The Effects of Alarm Suppression in ClearSCADA
This section explains the effect that alarm suppression has on ClearSCADA.
In the bullet list below, parent alarm refers to an alarm that meets the Parent Alarm Condition criteria and is raised on the item that is configured as a Parent Alarm Object. Child alarm refers to an alarm that is raised on a database item on which the above Parent Alarm Object is specified. For more information, see Configure any Alarm Suppression Requirements.
When alarm suppression is configured:
- Should the parent alarm go active:
- ClearSCADA will suppress any new child alarms (see The Effects of Suppression on Alarm Displays)
- An event will be logged for each suppressed alarm. The event record will indicate whether each alarm is suppressed due to Maintenance, or Consequential, alarm suppression
- Each child item’s State Alarm status attribute will indicate whether its alarms are suppressed
- Any existing ‘child’ alarms will remain active
- The parent alarm’s Suppressed Alarm Count (displayed, for example, on Alarms Lists and the Alarm Banner) will indicate how many child alarms are suppressed
- The parent item’s Suppressed Alarm Objects pick action will provide access to a list of the child database item(s) for which alarms might be suppressed due to the parent alarm being active.
- Whenever the parent alarm ceases to become active:
- ClearSCADA will automatically activate any existing suppressed child alarms (see The Effects of Suppression on Alarm Displays).
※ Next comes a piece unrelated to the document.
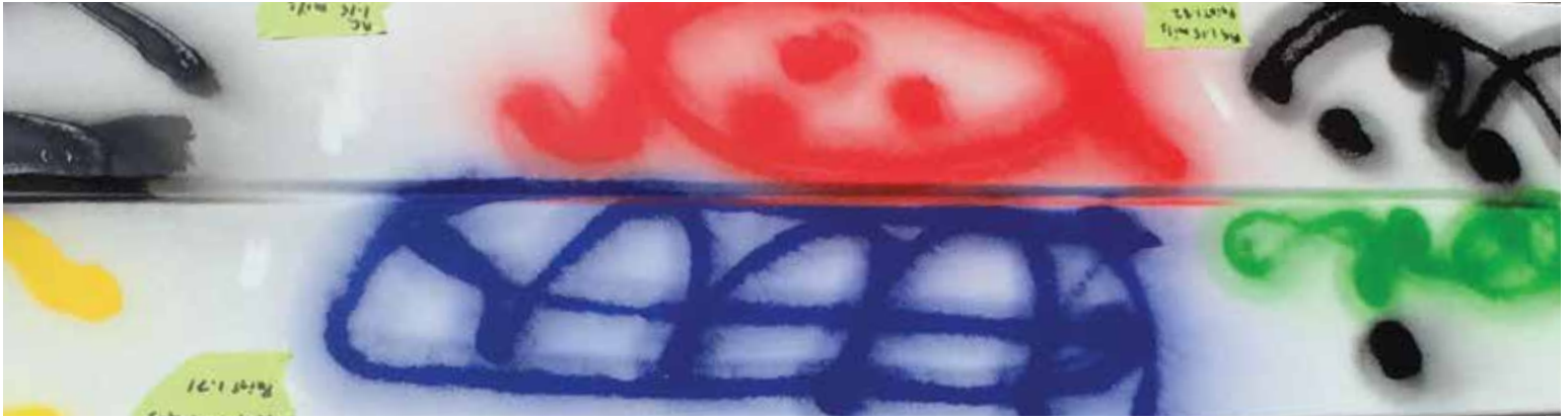
Avant le lavage sous pression et 72 heures après l'application du graffiti

The newly activated alarm entries will be time stamped with their occurrence time (or, on systems on which the Use Visible Time As Alarm Active Time feature is enabled, their unsuppressed time)
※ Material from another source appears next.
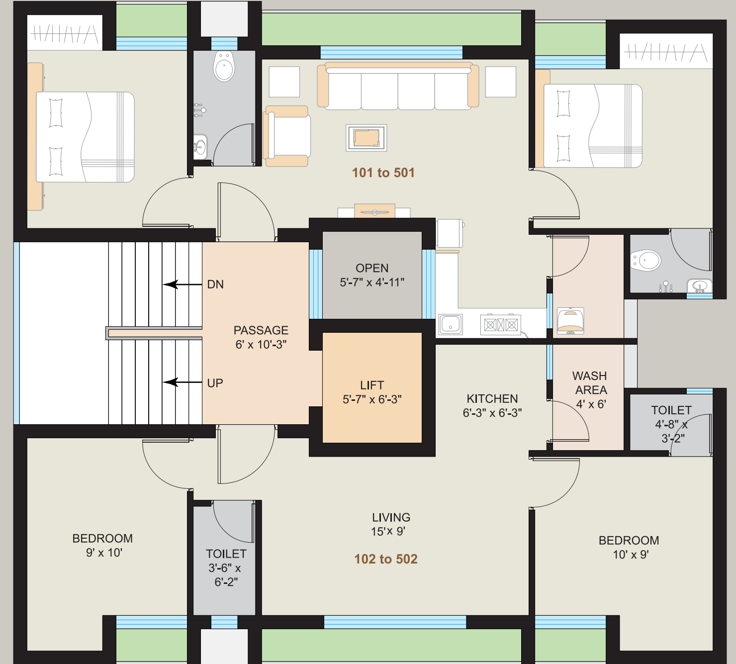
Typical Floor Plan (1st to 5th)

ફ્લેટના અંદરના દરવાજા લેમીનેટેડ ફ્લશ ડોર.

- An event will be logged for each existing child alarm that is unsuppressed, indicating the time that the alarm became unsuppressed
- Any Alarm Redirection activity that applies to the child alarms will come into effect (for instance, ClearSCADA will start any redirection timers).
The parent-child alarm relationship can be cascaded, so that a top level parent alarm will disable the alarms of its child items, and of the children of those child items, and so on.
For an example that demonstrates the effects of alarm suppression in ClearSCADA, see Example Configuration.